Freedom of expression will liberate Uganda

Countries that have progressed have had citizens that fought for their inalienable (natural or God given) rights and freedoms including freedom of speech. They have also taken risks. When you shy away from them chances are that you will remain behind. Some efforts create quick results – negative or positive – others take a long time. Sometime reversals occur. But a start has to be made.

Uganda has just ended fifty years of independence. The overall assessment is that things haven’t happened the way we wanted them. That means we have to revisit what we did and find out what we need to discard, refine or retain as is.

One of the common complaints in Uganda is the system of governance that has concentrated power in the central government and suffocates efforts for regions or districts to decide what they need to do to improve the quality of their lives. The tier system that Uganda has introduced through decentralization is not sufficient because the central government determines what states/provinces or districts should do and the minister of local government is empowered to take decisions that could frustrate local initiatives.
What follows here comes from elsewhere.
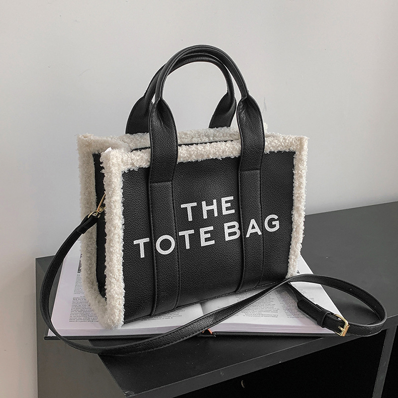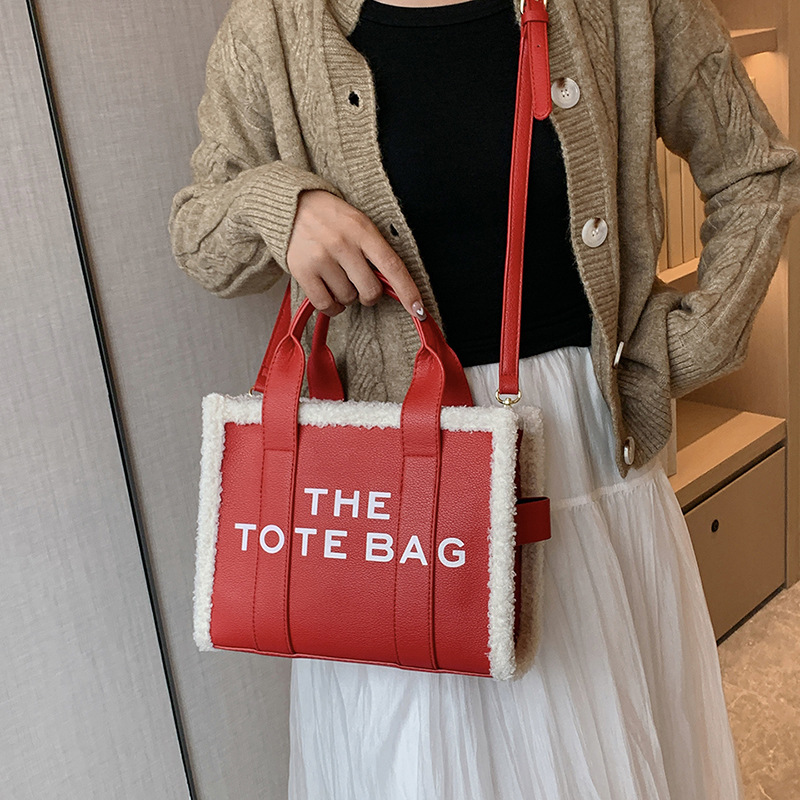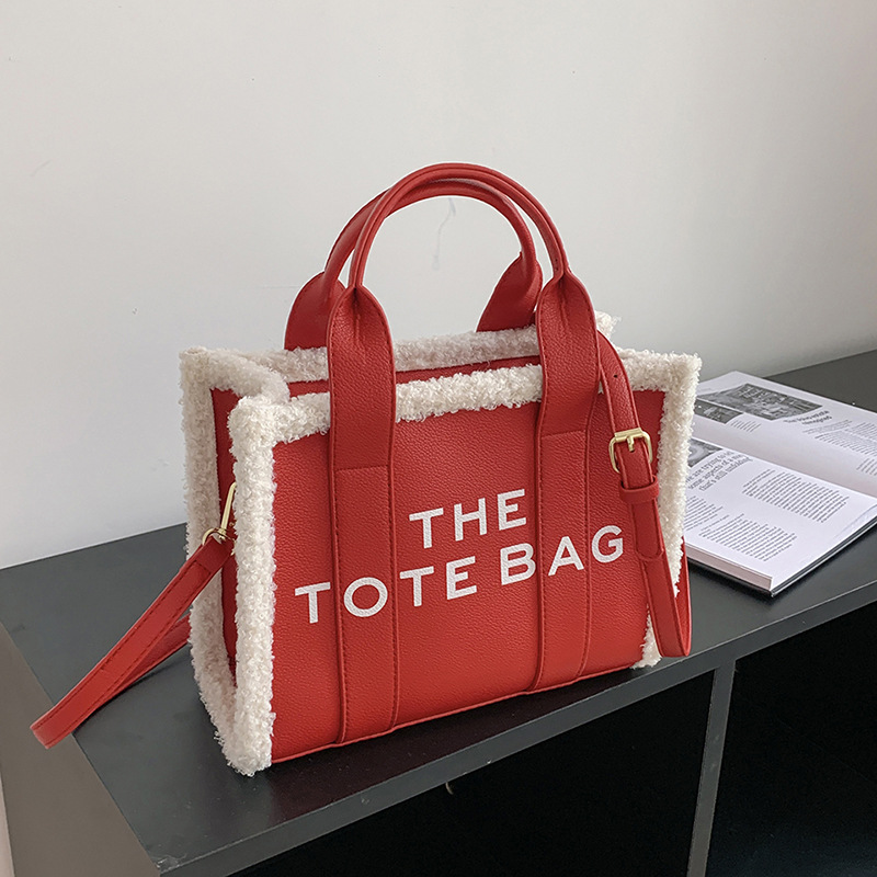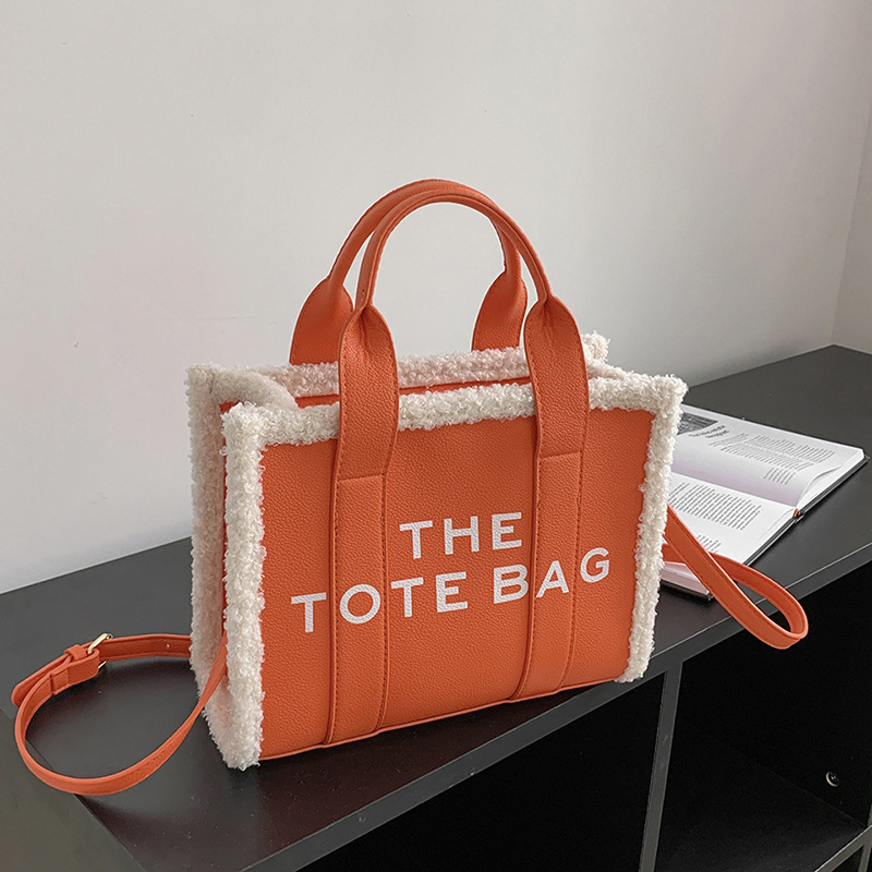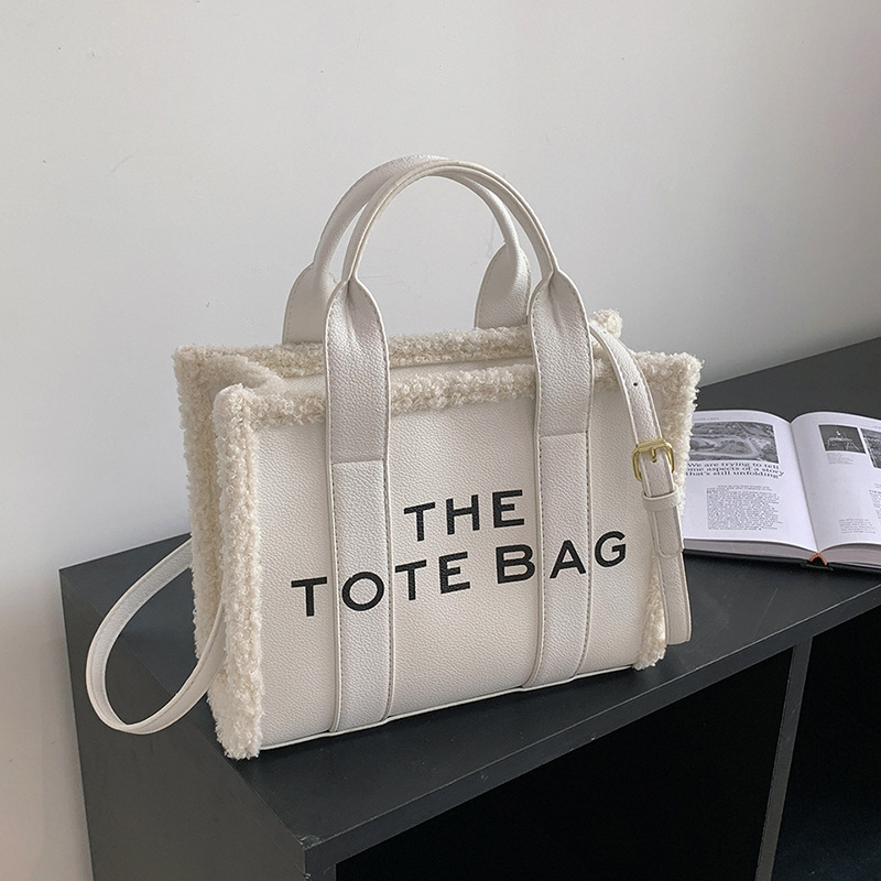 斜挎包女小众设计潮搭2022热卖款欧美单肩包通勤手提羊羔毛托特包

The federal conference scheduled for October 27, 2012 in London offers an opportunity to examine the federal system of governance as an alternative to a unitary system. It is hoped that participation will represent the interests of all stakeholders. The first thing to discuss is the merits and demerits of federal versus unitary governance in Uganda. The Odoki Commission (1992) collected information about a system of governance and 65 percent of Ugandans are reported to have favored a federal system. But that was in 1992 – 20 years ago! We need to revisit the notion of federalism and the London conference should have that as the first item on the agenda and I see some speakers will address this topic.

I have presented my thoughts on the notion of federalism and the roadmap in two articles titled “What do we know about federal governments?” and “Roadmap to achieving a federal government in Uganda” which have been widely circulated well in advance of the conference including to MPs that represent the people of Uganda. The articles are available at and

Questions have been raised about the capacity in which I have been invited to the conference. I have been invited in a personal capacity and what I have written and will say at the conference are personal views.

Ugandans are urged to make their views known so there are no complaints that there were no consultations before the London conference. In the end an all inclusive Task force will need to be appointed to examine in detail what a federal system entails principally in terms of sharing power between the federal and state/provincial or district governments. And it entails a lot of work and patience.